Vaccination may be the greatest public health achievement of our time. With an explosion of antibiotic resistance, developing vaccines against multi-drug resistant (MDR) bacterial pathogens is more important than ever, but most current vaccine strategies fail to target conserved structures that would allow them to protect across serotype, strain and species boundaries. We have developed a protective antigen strategy that targets the type III secretion system (T3SS) of important Gram-negative bacteria and which should be efficacious regardless of serotype, thereby working across genus (e.g. Shigella) or species (e.g. Salmonella enterica) boundaries. With this antigen strategy, we have elicited broad serotype-independent protection against infections by bacteria that are becoming increasingly antibiotic resistant. This strategy employs an adjuvant and provides 70-90% protection in mice against lethal challenge by multiple Shigella species and it protected five of six monkeys from developing severe dysentery after challenge with Shigella sonnei. This same platform has elicits serotype-independent protection against Salmonella enterica challenge (70% protection) as well as other Gram-negative bacteria. To reach complete (100%) protection, we have developed a novel adjuvant carrier platform to create next generation vaccine candidates. With the adjuvant carrier platform, the protective antigen simultaneously enters into antigen presenting cells. This protective antigen will be combined with a carrier to form a multi-protein antigen delivery vehicle to drive uptake by dendritic cells and transport to regional lymph nodes for extended antigen presentation. We hypothesize that the antigen-carrier platform will provide broad serotype-independent protection against all strains of the pathogen including MDR species/strains. The specific aims being proposed are to: 1) Validate cross-strain protection for clinical MDR strains; 2) Optimize the three candidate vaccines using the new particle; 3) Complete the proof-of-concept efficacy studies, including immune response assessment, in appropriate animal models; 4) Assess vaccine efficacy following subclinical pre-exposure to the pathogen as often occurs; 5) Complete biophysical characterization of the top vaccine candidates for subsequent formulation. By the completion of this project, we will have demonstrated that our antigen-carrier platform will prevent infections by MDR Gram negative pathogens.

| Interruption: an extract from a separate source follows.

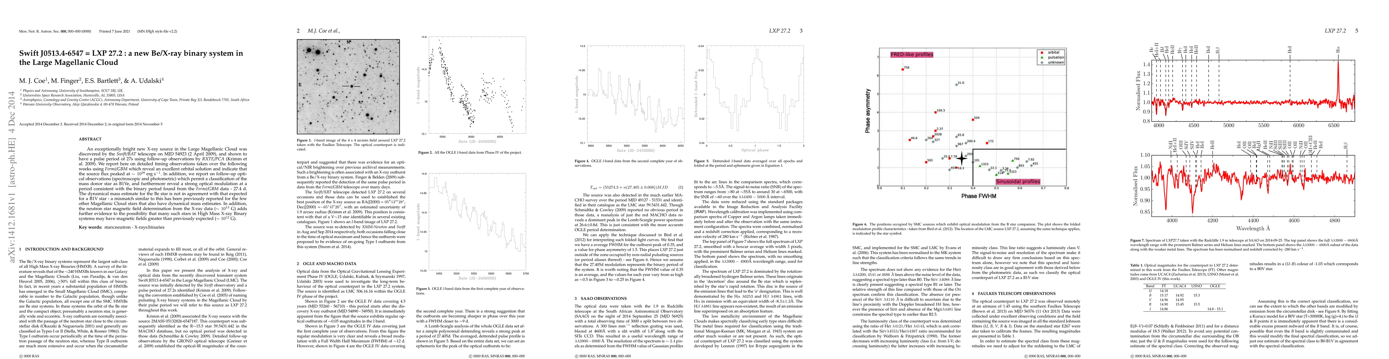 An exceptionally bright new X-ray source in the Large Magellanic Cloud was discovered by the Swift/BAT telescope on MJD 54923 (2 April 2009), and shown to have a pulse period of 27s using follow-up observations by RXTE/PCA. We report here on detailed timing observations taken over the following weeks using Fermi/GBM which reveal an excellent orbital solution and indicate that the source flux peaked at $\sim10^{38}$ erg s$^{-1}$. In addition, we report on follow-up optical observations (spectroscopic and photometric) which permit a classification of the mass donor star as B1Ve, and furthermore reveal a strong optical modulation at a period consistent with the binary period found from the Fermi/GBM data - 27.4 d. The dynamical mass estimate for the Be star is not in agreement with that expected for a B1V star - a mismatch similar to this has been previously reported for the few other Magellanic Cloud stars that also have dynamical mass estimates. In addition, the neutron star magnetic field determination from the X-ray data ($\sim10^{13}$ G) adds further evidence to the possibility that many such stars in High Mass X-ray Binary systems may have magnetic fields greater than previously expected ($\sim10^{12}$ G).

疫苗接种可能是我们时代最大的公共健康成就。随着抗生素耐药性的爆炸，开发抗多药耐药（MDR）细菌病原体的疫苗比以往任何时候都更为重要，但是大多数当前的疫苗策略无法靶向保守的结构，这些结构可以使它们跨血清型，菌株和物种边界保护。我们制定了一种保护性抗原策略，该策略针对重要的革兰氏阴性细菌的III型分泌系统（T3SS），无论血清型如何，都应有效，从而跨越属（例如Shigella）或物种（例如Salmonella enterica）边界。采用这种抗原策略，我们引起了广泛的血清型独立的保护，以防止细菌越来越多地抗生素抗生素。该策略采用辅助药，并在小鼠中提供70-90％的保护，以防止多种志贺氏菌物种进行致命的挑战，并且它保护了六只猴子中的五只猴子在与Shigella Sonnei挑战后不受严重的痢疾。该平台具有针对沙门氏菌肠挑战（70％保护）以及其他革兰氏阴性细菌的血清型无关的保护。 为了获得完整的（100％）保护，我们开发了一种新型的辅助载体平台来创建下一代疫苗候选者。使用佐剂载体平台，保护性抗原同时进入抗原呈递细胞。该保护性抗原将与载体结合使用，形成多蛋白抗原递送车，以驱动树突状细胞的吸收，并运输到区域淋巴结以进行扩展抗原呈递。我们假设抗原载体平台将对包括MDR物种/菌株在内的所有病原体的所有菌株提供广泛的非依赖性保护。 提出的具体目的是：1）验证临床MDR菌株的跨压力保护； 2）使用新粒子优化三种候选疫苗； 3）在适当的动物模型中完成概念验证疗效研究，包括免疫反应评估； 4）评估疫苗在接触病原体后经常发生的疫苗功效； 5）顶部疫苗候选物的完整生物物理表征，以进行后续配方。 通过该项目完成，我们将证明我们的抗原载体平台将防止MDR革兰氏阴性病原体感染。